#### Instructions to follow:
From the entries below, reproduce exactly the lines from the one with "debbie兰 做过 浮云卷—吃起来像布丁的卷卷" through the one with "At Curinga, we", both included, without images.

#### Data section:

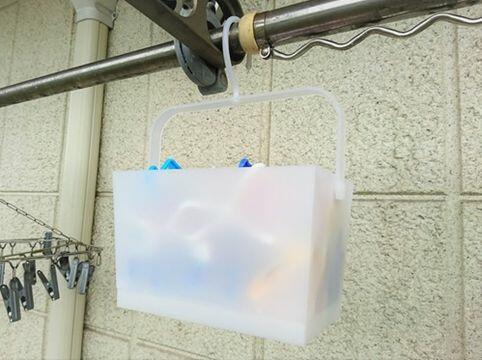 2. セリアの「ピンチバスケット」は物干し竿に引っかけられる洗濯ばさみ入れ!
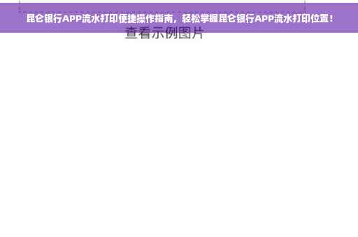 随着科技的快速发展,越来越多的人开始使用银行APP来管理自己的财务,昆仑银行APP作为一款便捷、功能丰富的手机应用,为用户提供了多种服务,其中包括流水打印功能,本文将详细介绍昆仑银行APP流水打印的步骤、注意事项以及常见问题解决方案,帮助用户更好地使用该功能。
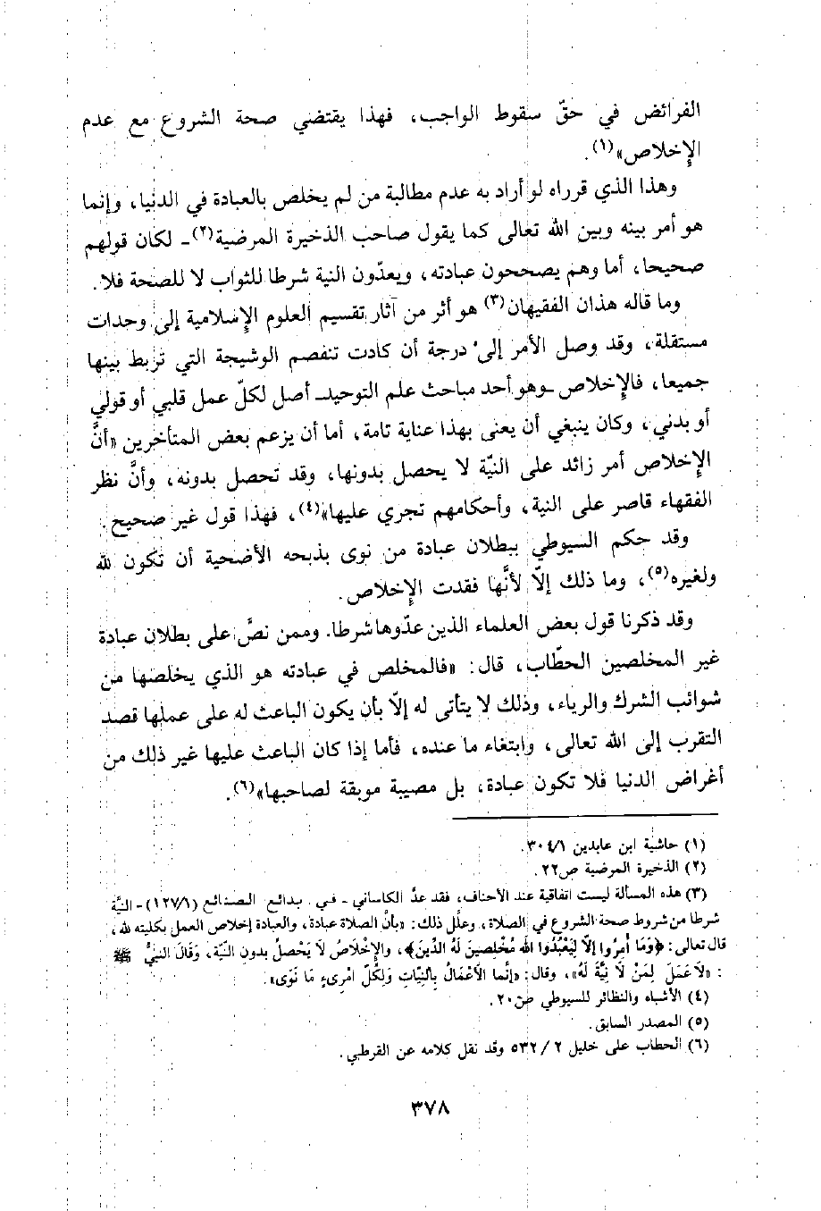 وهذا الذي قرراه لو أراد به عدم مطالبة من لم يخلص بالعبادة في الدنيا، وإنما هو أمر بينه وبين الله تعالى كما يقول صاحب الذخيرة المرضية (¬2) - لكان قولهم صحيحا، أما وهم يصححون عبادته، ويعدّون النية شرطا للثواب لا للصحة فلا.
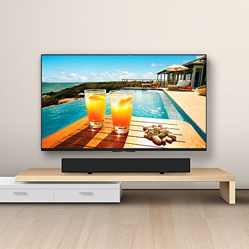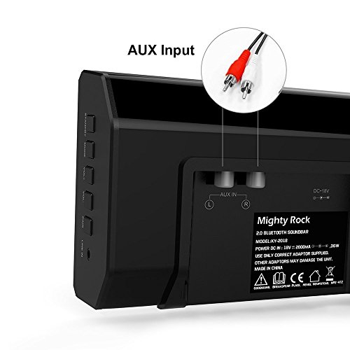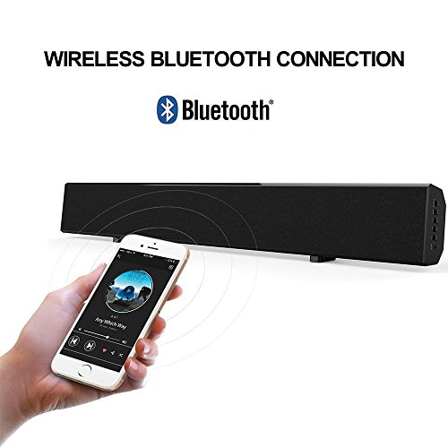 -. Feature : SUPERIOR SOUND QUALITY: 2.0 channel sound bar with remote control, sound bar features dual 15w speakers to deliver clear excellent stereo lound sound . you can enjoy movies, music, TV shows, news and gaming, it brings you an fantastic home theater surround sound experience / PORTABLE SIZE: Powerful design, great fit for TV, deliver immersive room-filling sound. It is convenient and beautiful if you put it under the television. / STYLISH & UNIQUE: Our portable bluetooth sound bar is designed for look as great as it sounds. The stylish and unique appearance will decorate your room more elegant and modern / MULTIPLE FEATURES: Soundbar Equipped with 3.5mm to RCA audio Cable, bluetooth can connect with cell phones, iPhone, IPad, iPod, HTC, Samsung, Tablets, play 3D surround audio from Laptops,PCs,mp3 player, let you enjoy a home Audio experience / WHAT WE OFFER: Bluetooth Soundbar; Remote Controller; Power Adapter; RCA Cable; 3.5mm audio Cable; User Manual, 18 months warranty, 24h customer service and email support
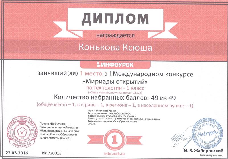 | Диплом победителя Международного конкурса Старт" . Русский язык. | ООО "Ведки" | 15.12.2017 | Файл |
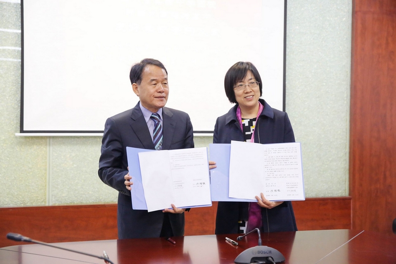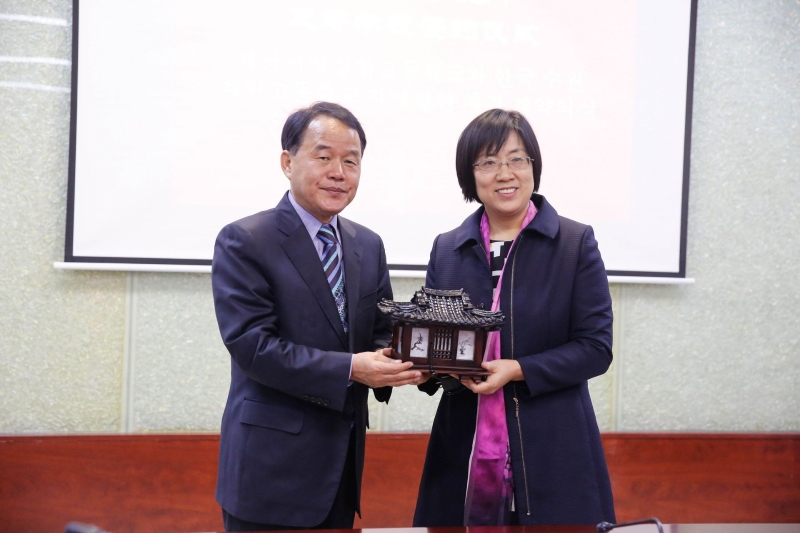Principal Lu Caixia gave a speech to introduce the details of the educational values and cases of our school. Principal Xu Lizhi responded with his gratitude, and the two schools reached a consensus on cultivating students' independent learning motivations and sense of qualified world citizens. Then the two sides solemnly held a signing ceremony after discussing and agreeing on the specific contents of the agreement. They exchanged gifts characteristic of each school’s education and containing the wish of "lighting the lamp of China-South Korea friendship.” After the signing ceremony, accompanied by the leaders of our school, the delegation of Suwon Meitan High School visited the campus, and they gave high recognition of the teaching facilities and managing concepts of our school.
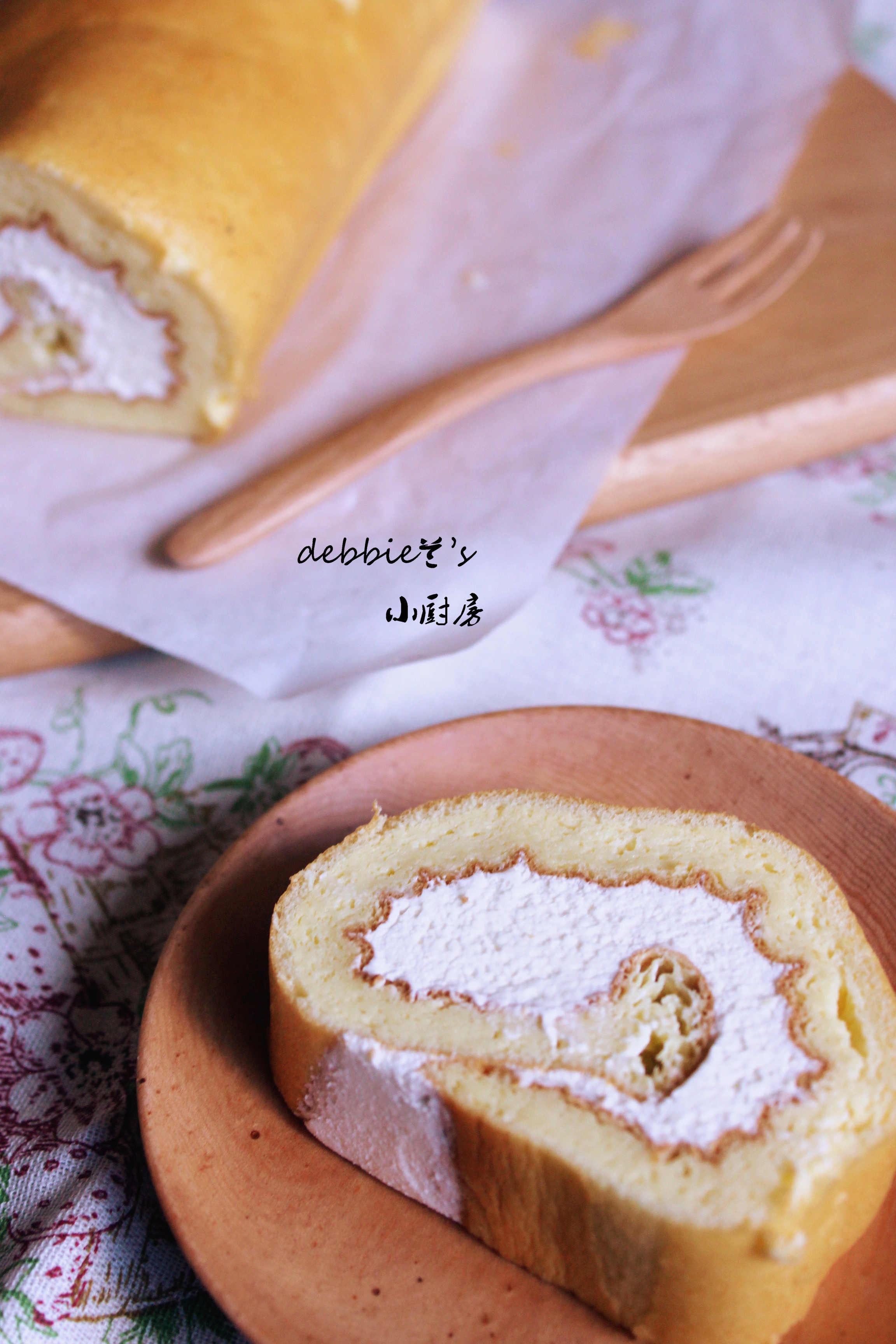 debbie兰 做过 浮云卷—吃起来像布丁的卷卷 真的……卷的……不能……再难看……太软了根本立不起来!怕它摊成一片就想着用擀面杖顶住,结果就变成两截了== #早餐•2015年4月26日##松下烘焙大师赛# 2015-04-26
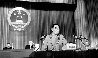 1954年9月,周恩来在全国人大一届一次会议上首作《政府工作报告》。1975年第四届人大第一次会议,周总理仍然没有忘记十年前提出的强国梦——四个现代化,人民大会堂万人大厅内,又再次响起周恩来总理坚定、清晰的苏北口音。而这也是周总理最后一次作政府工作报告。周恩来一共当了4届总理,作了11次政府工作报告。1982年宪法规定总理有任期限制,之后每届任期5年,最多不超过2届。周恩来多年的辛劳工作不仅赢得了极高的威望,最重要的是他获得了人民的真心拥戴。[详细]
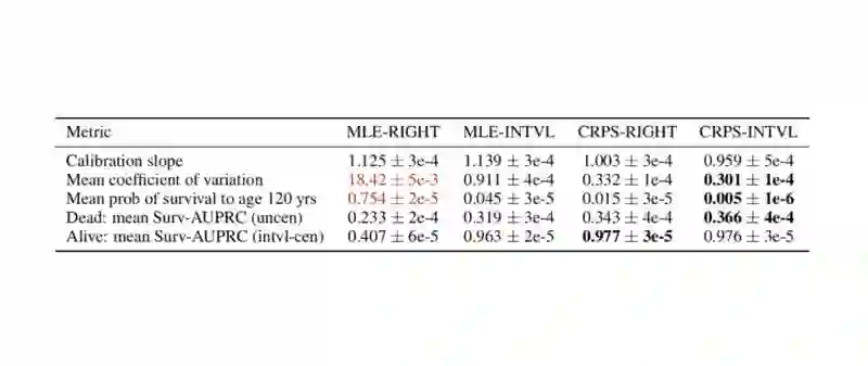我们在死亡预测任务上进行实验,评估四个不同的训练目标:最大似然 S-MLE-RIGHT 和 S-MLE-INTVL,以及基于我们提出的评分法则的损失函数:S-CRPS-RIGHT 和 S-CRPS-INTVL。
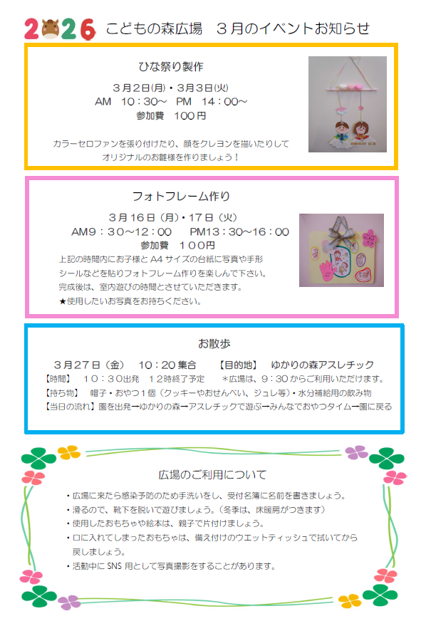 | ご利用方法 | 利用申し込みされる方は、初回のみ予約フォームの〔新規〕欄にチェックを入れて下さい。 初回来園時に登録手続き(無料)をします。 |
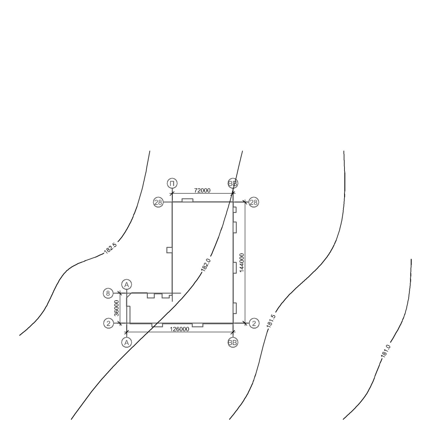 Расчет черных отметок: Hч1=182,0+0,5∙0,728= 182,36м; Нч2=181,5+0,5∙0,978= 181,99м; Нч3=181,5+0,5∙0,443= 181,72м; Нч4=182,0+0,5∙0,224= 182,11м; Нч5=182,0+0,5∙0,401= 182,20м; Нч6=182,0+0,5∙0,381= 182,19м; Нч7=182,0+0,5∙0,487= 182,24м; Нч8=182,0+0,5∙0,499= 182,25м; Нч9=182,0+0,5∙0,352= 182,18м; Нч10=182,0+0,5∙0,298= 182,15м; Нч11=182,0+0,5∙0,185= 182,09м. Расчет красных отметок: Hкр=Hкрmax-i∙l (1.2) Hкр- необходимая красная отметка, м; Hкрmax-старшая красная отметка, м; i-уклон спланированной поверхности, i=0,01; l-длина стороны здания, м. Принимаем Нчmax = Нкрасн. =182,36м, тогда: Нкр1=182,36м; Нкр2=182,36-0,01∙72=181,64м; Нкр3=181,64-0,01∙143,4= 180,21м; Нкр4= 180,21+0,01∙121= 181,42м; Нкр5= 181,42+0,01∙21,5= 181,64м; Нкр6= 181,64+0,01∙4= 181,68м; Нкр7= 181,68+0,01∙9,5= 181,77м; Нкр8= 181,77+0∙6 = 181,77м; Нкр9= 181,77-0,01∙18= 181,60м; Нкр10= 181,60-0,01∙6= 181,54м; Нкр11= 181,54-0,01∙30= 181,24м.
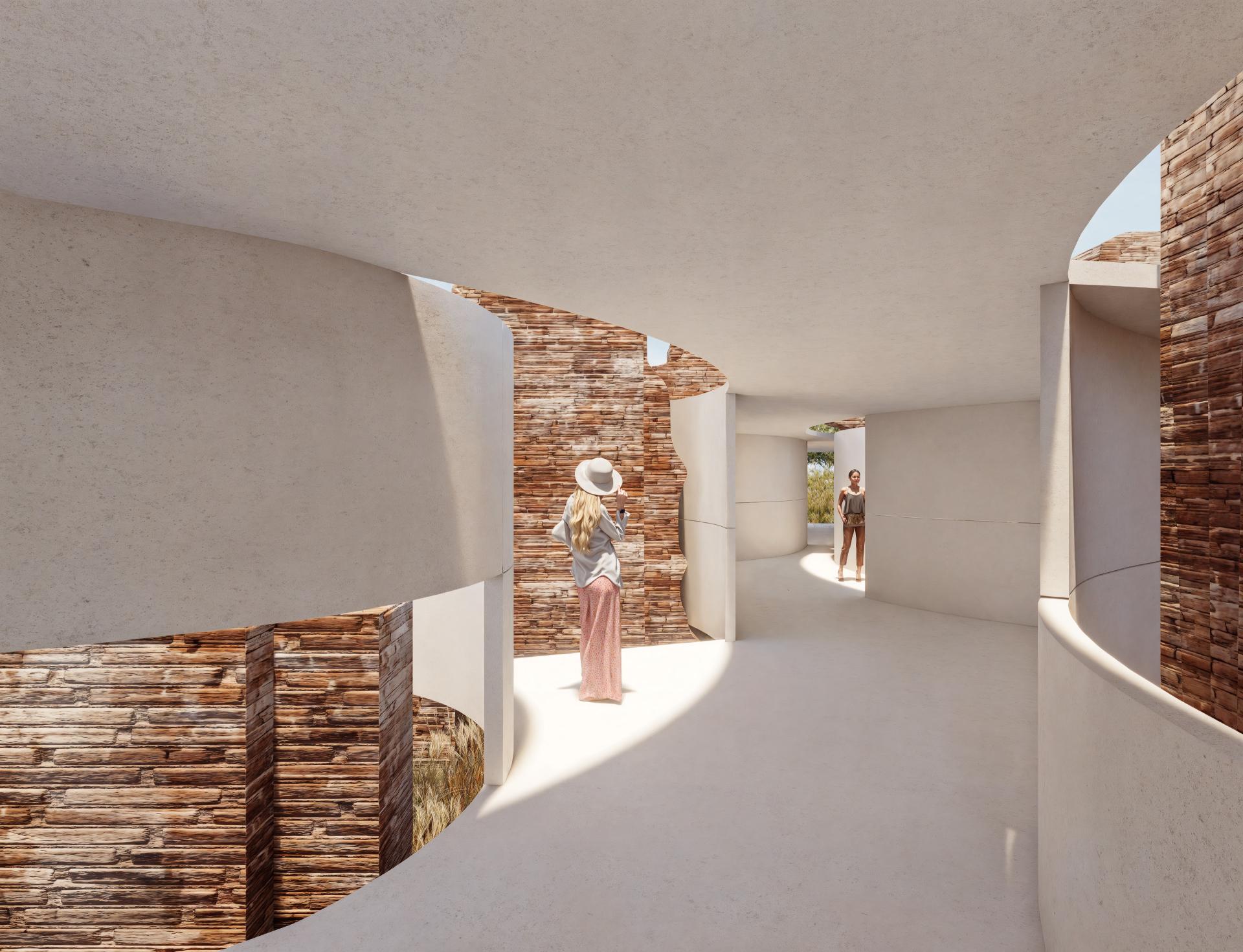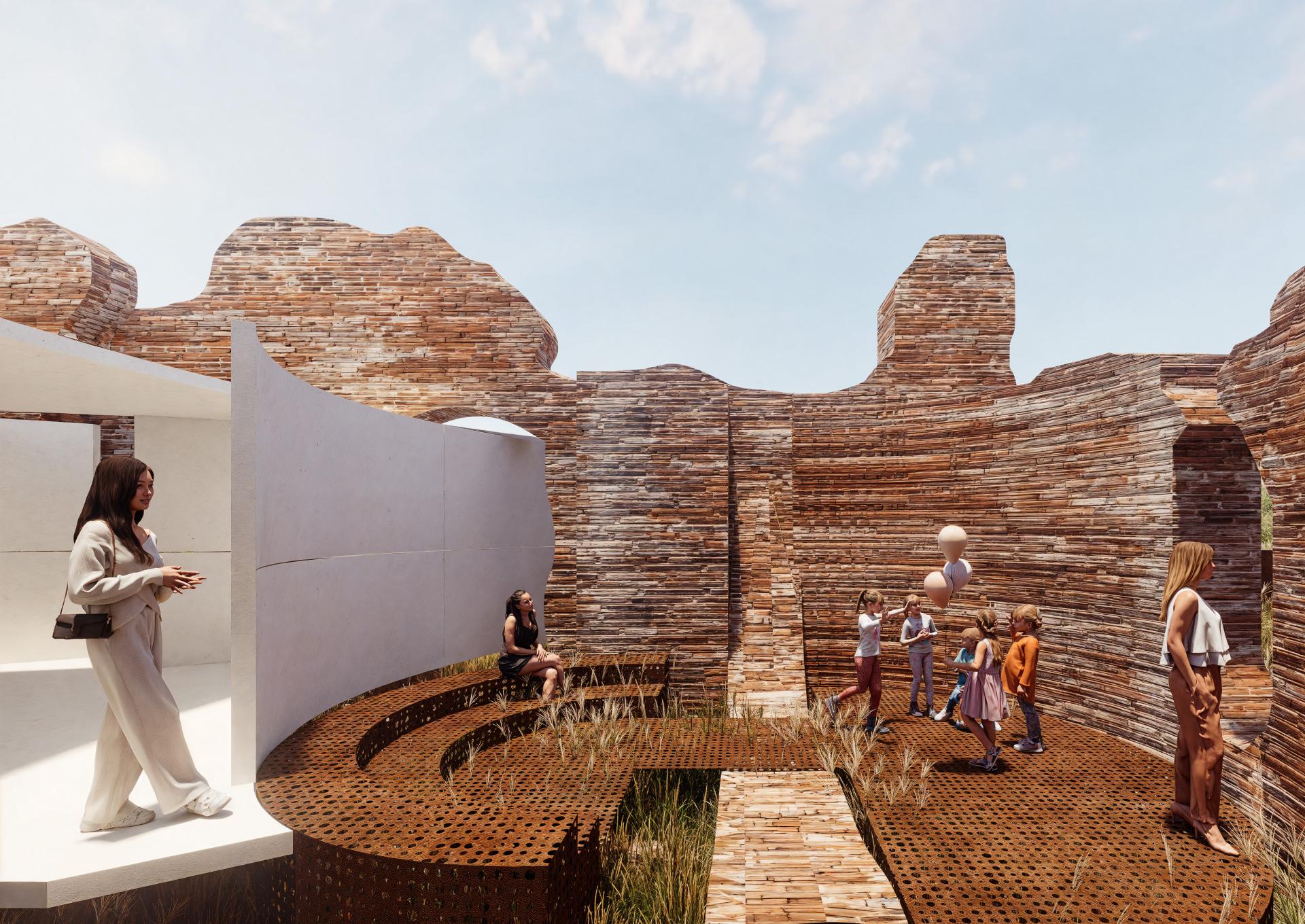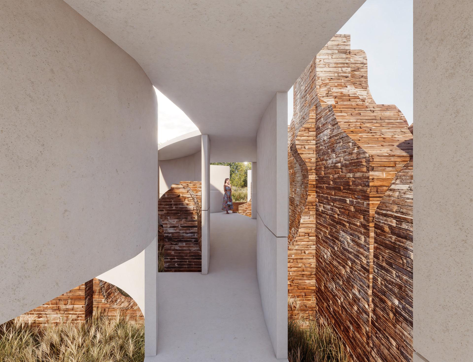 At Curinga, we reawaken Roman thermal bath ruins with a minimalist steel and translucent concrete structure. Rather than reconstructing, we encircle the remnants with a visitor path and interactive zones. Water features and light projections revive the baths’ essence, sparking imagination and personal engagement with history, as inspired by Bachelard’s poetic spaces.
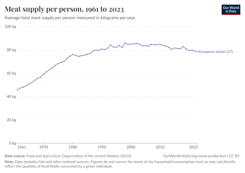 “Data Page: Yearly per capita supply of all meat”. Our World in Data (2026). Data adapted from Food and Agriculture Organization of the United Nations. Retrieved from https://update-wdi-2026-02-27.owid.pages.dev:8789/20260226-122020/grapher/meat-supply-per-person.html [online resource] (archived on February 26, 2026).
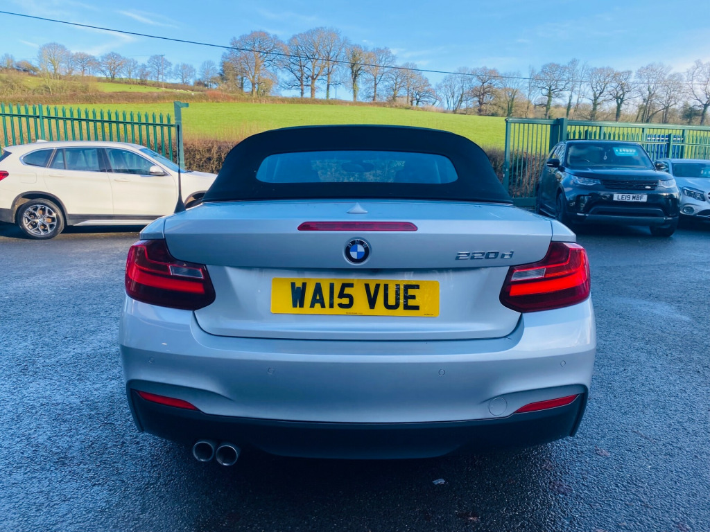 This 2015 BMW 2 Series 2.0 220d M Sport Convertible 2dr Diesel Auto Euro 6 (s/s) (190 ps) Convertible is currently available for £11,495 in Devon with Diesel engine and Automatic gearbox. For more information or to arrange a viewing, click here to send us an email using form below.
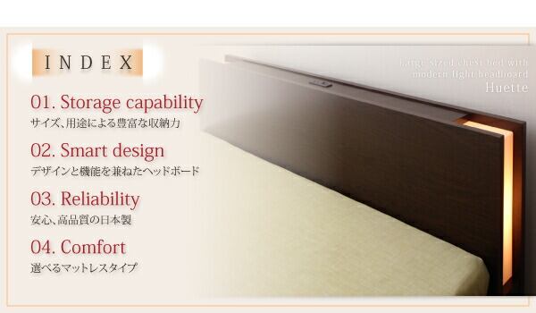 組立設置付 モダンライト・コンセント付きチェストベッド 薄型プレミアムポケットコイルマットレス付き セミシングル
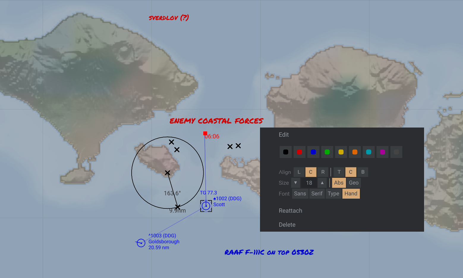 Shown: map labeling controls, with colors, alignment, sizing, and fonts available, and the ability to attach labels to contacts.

#### Problem solution:
 debbie兰 做过 浮云卷—吃起来像布丁的卷卷 真的……卷的……不能……再难看……太软了根本立不起来!怕它摊成一片就想着用擀面杖顶住,结果就变成两截了== #早餐•2015年4月26日##松下烘焙大师赛# 2015-04-26
 1954年9月,周恩来在全国人大一届一次会议上首作《政府工作报告》。1975年第四届人大第一次会议,周总理仍然没有忘记十年前提出的强国梦——四个现代化,人民大会堂万人大厅内,又再次响起周恩来总理坚定、清晰的苏北口音。而这也是周总理最后一次作政府工作报告。周恩来一共当了4届总理,作了11次政府工作报告。1982年宪法规定总理有任期限制,之后每届任期5年,最多不超过2届。周恩来多年的辛劳工作不仅赢得了极高的威望,最重要的是他获得了人民的真心拥戴。[详细]
我们在死亡预测任务上进行实验,评估四个不同的训练目标:最大似然 S-MLE-RIGHT 和 S-MLE-INTVL,以及基于我们提出的评分法则的损失函数:S-CRPS-RIGHT 和 S-CRPS-INTVL。
 | ご利用方法 | 利用申し込みされる方は、初回のみ予約フォームの〔新規〕欄にチェックを入れて下さい。 初回来園時に登録手続き(無料)をします。 |
 Расчет черных отметок: Hч1=182,0+0,5∙0,728= 182,36м; Нч2=181,5+0,5∙0,978= 181,99м; Нч3=181,5+0,5∙0,443= 181,72м; Нч4=182,0+0,5∙0,224= 182,11м; Нч5=182,0+0,5∙0,401= 182,20м; Нч6=182,0+0,5∙0,381= 182,19м; Нч7=182,0+0,5∙0,487= 182,24м; Нч8=182,0+0,5∙0,499= 182,25м; Нч9=182,0+0,5∙0,352= 182,18м; Нч10=182,0+0,5∙0,298= 182,15м; Нч11=182,0+0,5∙0,185= 182,09м. Расчет красных отметок: Hкр=Hкрmax-i∙l (1.2) Hкр- необходимая красная отметка, м; Hкрmax-старшая красная отметка, м; i-уклон спланированной поверхности, i=0,01; l-длина стороны здания, м. Принимаем Нчmax = Нкрасн. =182,36м, тогда: Нкр1=182,36м; Нкр2=182,36-0,01∙72=181,64м; Нкр3=181,64-0,01∙143,4= 180,21м; Нкр4= 180,21+0,01∙121= 181,42м; Нкр5= 181,42+0,01∙21,5= 181,64м; Нкр6= 181,64+0,01∙4= 181,68м; Нкр7= 181,68+0,01∙9,5= 181,77м; Нкр8= 181,77+0∙6 = 181,77м; Нкр9= 181,77-0,01∙18= 181,60м; Нкр10= 181,60-0,01∙6= 181,54м; Нкр11= 181,54-0,01∙30= 181,24м.
 At Curinga, we reawaken Roman thermal bath ruins with a minimalist steel and translucent concrete structure. Rather than reconstructing, we encircle the remnants with a visitor path and interactive zones. Water features and light projections revive the baths’ essence, sparking imagination and personal engagement with history, as inspired by Bachelard’s poetic spaces.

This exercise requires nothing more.